The lines from the one containing "наших новейших броненосца" through the last line below, both ends included, must be reproduced exactly, with no pictures.

» Data to process

- Opening Delimiter -

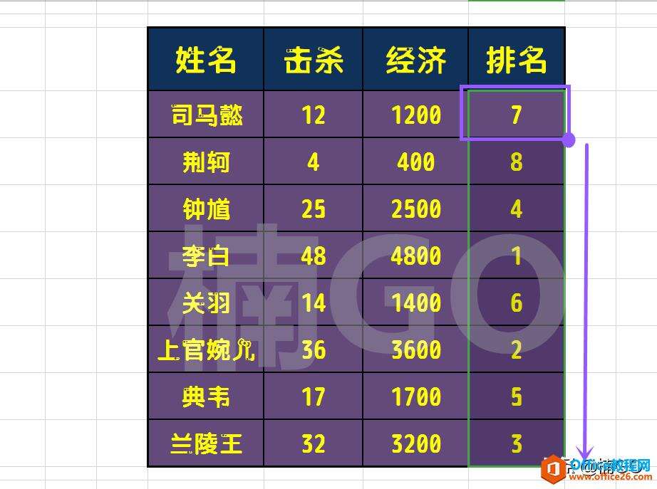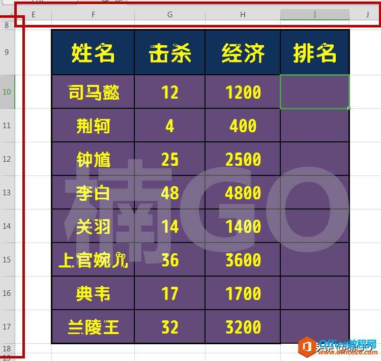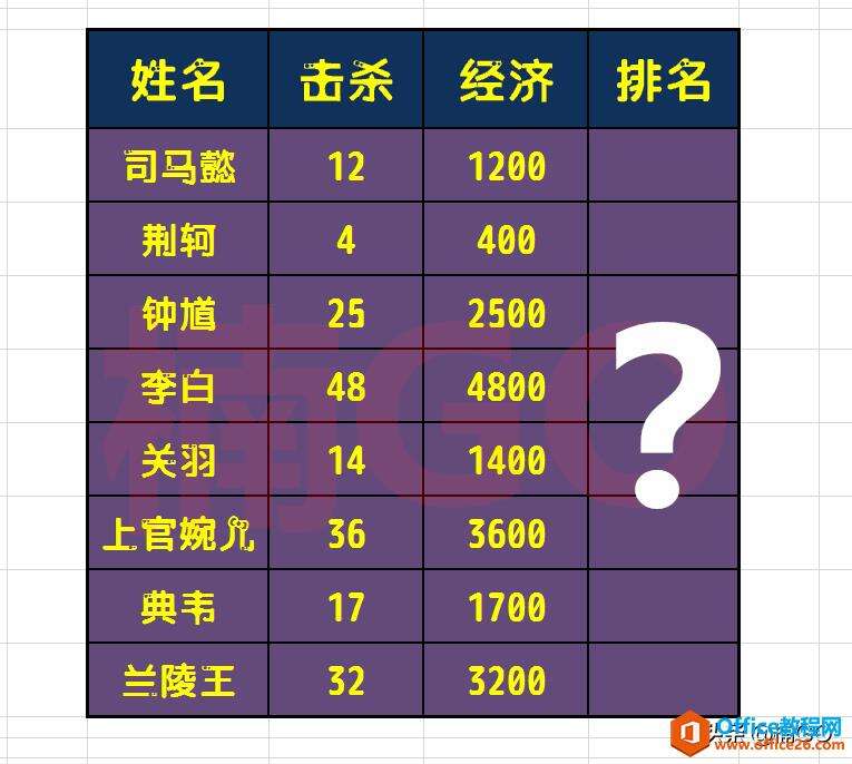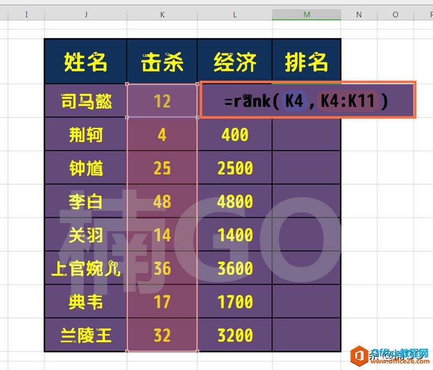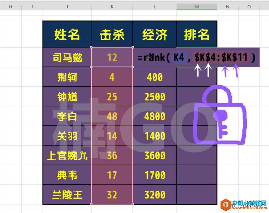 我的记忆方法很简单,只要有过LOL或王者荣耀体验的朋友,都不难快速记住这个公式。因为这些游戏中,都会常出现gank行为,那gank是为了什么呢?当然是为了排名(=rank)啊!可究竟是为了谁的rank排名呢?这还用说?自然谁排在第一行,就以谁为大啦,所以K4占第一行,那我们就先输入一个(K4),接着,再输入K4要去gank的对象群,也就是(K4:K11),那他的战果如何呢?当然是胜利啦,并且把敌方一个一个全部都锁死了,所以,我们公式的最终结果就是=rank(K4,$K$4:$K$11)啦。
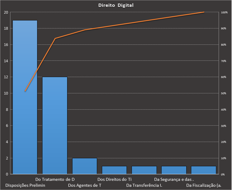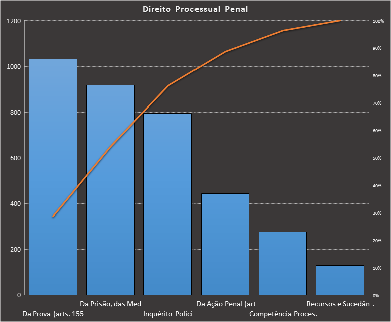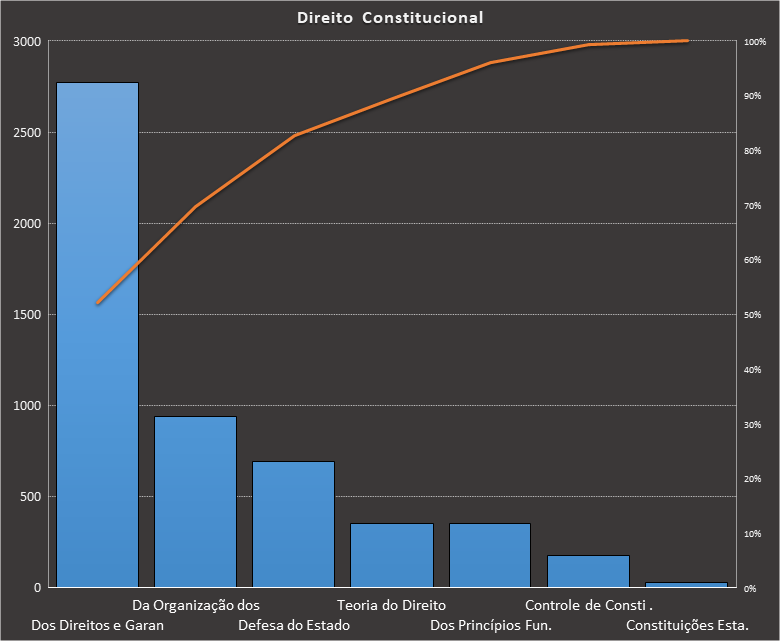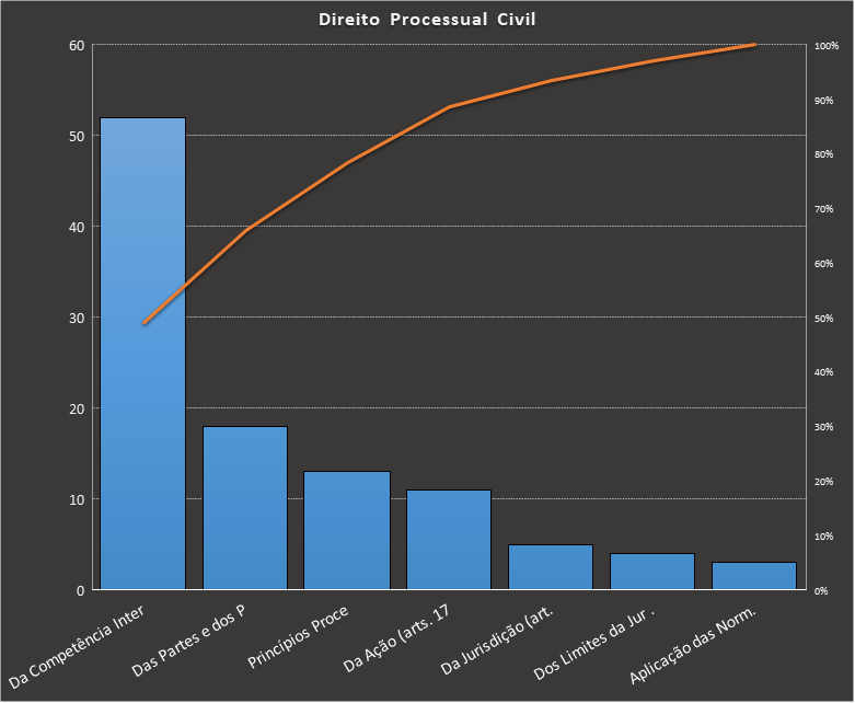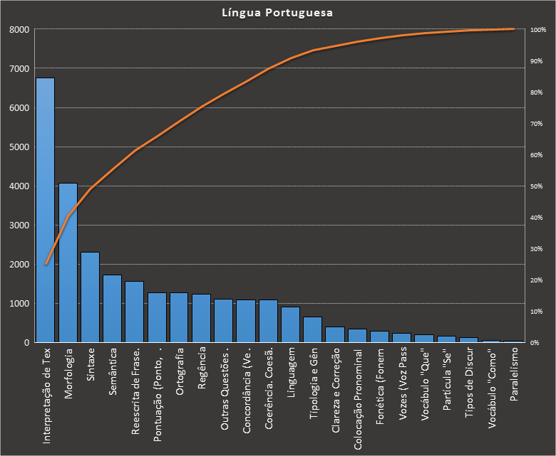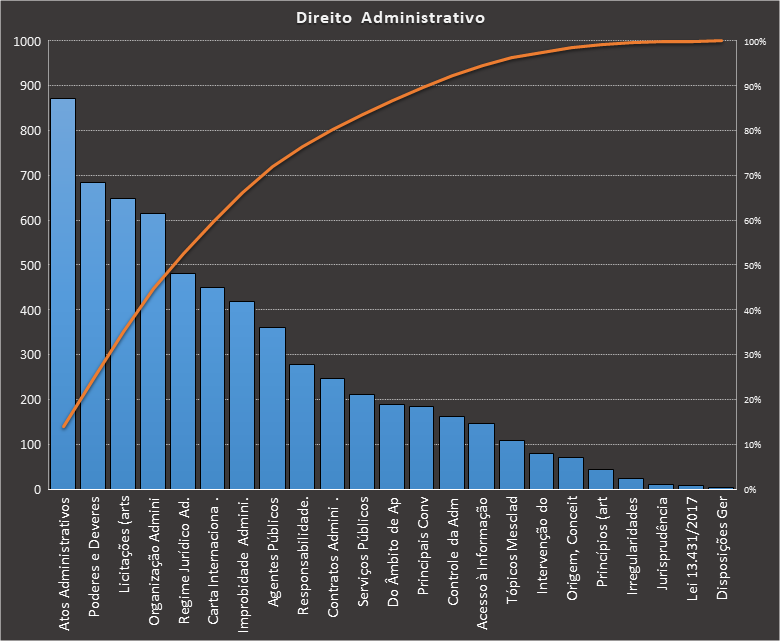 Em todas as tabelas deste artigo destacamos de cor azul os assuntos que atingem porcentagem acumulada de 70%. Para esta matéria em específico, temos destacados de azul 7 tópicos cuja porcentagem acumulada é de 71%. Isso significa que apenas 7 assuntos cobrem 71% de todas as questões da matéria que obedecem aos filtros utilizados. Segue a distribuição.
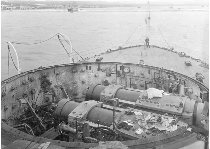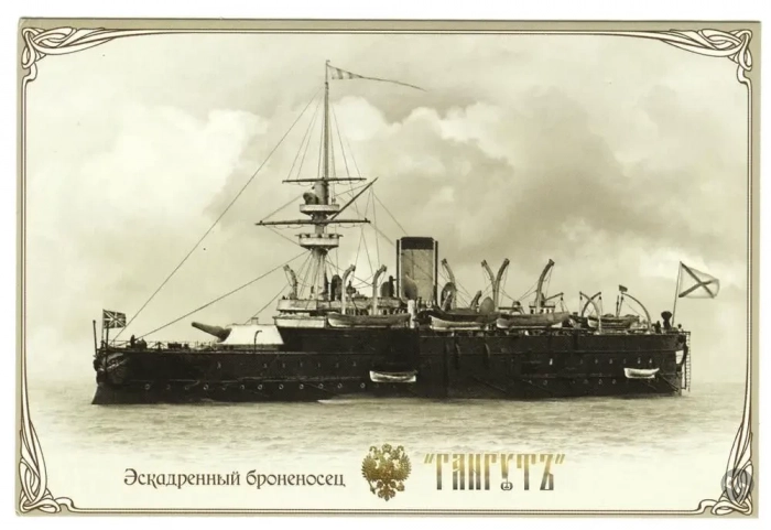 «Два наших новейших броненосца «Сенявин» и «Ушаков» находятся теперь в Учебно-артиллерийском отряде для ознакомления будущих комендоров с современными орудиями. Однако 10-дм пушки на них бутафорские. Стрелять из них запрещено, так как вследствие ошибки в чертежах они рвутся. Тем не менее, орудия было решено все-таки поставить на корабли, чтобы те хотя бы для вида походили на броненосцы».
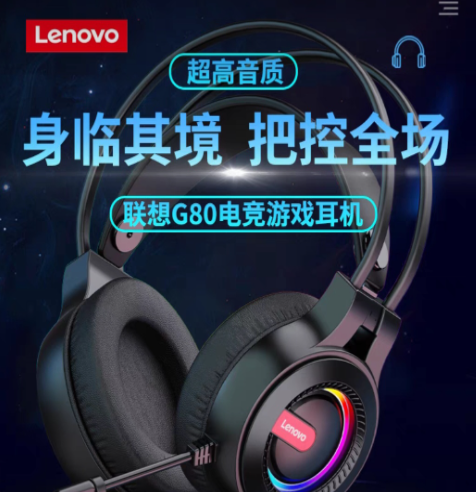Lenovo/联想 电脑耳机头戴式耳麦电竞游戏台式笔记本有线吃鸡听声辩位带麦话筒网吧专用手机通用USB7.1声道
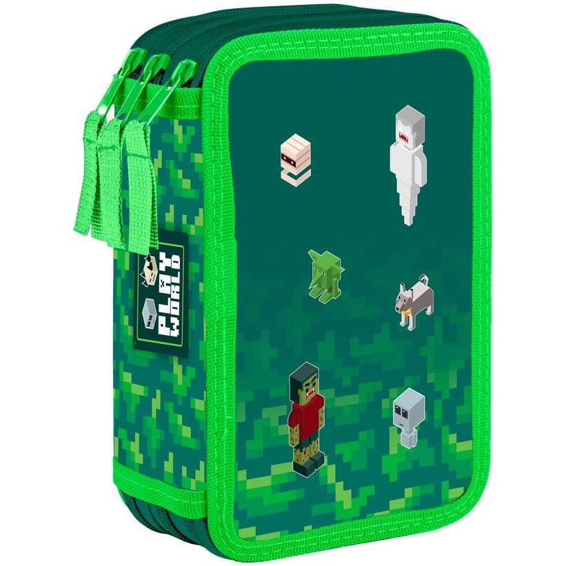 Háromszintes iskolai tolltartó töltőanyag nélkül. A tolltartó 41 gumigyűrűt tartalmaz az összes írószer és a tanításhoz szükséges apróságok tárolására. A tolltartó erős cipzárral és nagy húzófülekkel rendelkezik a könnyű kezelés érdekében. Az egyik szinten egy átlátszó rekesz található a heti beosztás számára.
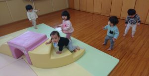 0歳児さんはホールでかけっこしたり、ソフト遊具の上をのぼったり、くぐったりと
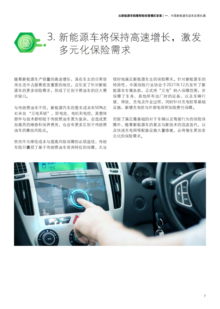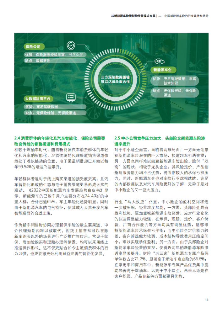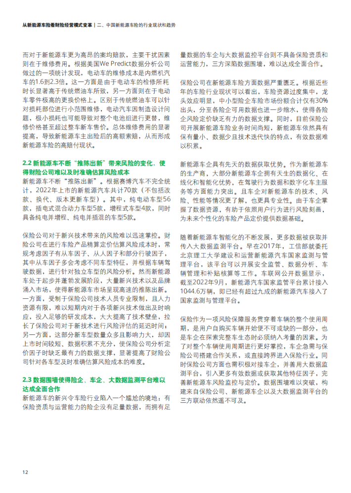 新能源汽车的蓬勃发展给保险市场带来了更多发展机遇,同时也使传统的财险行业面临新能源车险开拓及经营发展难题。一方面,面对不断推陈出新的新能源车型的风险把控难以保证;另一方面,财险行业本身传统的销售渠道、产品开发定价、核保理赔、风险管理已难以满足发展新能源车险的要求。在多方驱动下,汽车行业逐渐布局保险行业并转向包含生产、销售、金融产品、出行服务等一系列环节车生态的建设方向,给财险行业的传统经营模式带来巨大挑战。由此,财险行业应结合用户实际需求探索更多保险创新产品保障,并积极联动生态链中多方角色、推动产业融合,提供更为优质且贯穿车辆使用始终的保障服务,以此应对新能源汽车带来的车险经营变革。

- Closing Delimiter -

» Solution for this problem
 «Два наших новейших броненосца «Сенявин» и «Ушаков» находятся теперь в Учебно-артиллерийском отряде для ознакомления будущих комендоров с современными орудиями. Однако 10-дм пушки на них бутафорские. Стрелять из них запрещено, так как вследствие ошибки в чертежах они рвутся. Тем не менее, орудия было решено все-таки поставить на корабли, чтобы те хотя бы для вида походили на броненосцы».
Lenovo/联想 电脑耳机头戴式耳麦电竞游戏台式笔记本有线吃鸡听声辩位带麦话筒网吧专用手机通用USB7.1声道
 Háromszintes iskolai tolltartó töltőanyag nélkül. A tolltartó 41 gumigyűrűt tartalmaz az összes írószer és a tanításhoz szükséges apróságok tárolására. A tolltartó erős cipzárral és nagy húzófülekkel rendelkezik a könnyű kezelés érdekében. Az egyik szinten egy átlátszó rekesz található a heti beosztás számára.
 0歳児さんはホールでかけっこしたり、ソフト遊具の上をのぼったり、くぐったりと
 新能源汽车的蓬勃发展给保险市场带来了更多发展机遇,同时也使传统的财险行业面临新能源车险开拓及经营发展难题。一方面,面对不断推陈出新的新能源车型的风险把控难以保证;另一方面,财险行业本身传统的销售渠道、产品开发定价、核保理赔、风险管理已难以满足发展新能源车险的要求。在多方驱动下,汽车行业逐渐布局保险行业并转向包含生产、销售、金融产品、出行服务等一系列环节车生态的建设方向,给财险行业的传统经营模式带来巨大挑战。由此,财险行业应结合用户实际需求探索更多保险创新产品保障,并积极联动生态链中多方角色、推动产业融合,提供更为优质且贯穿车辆使用始终的保障服务,以此应对新能源汽车带来的车险经营变革。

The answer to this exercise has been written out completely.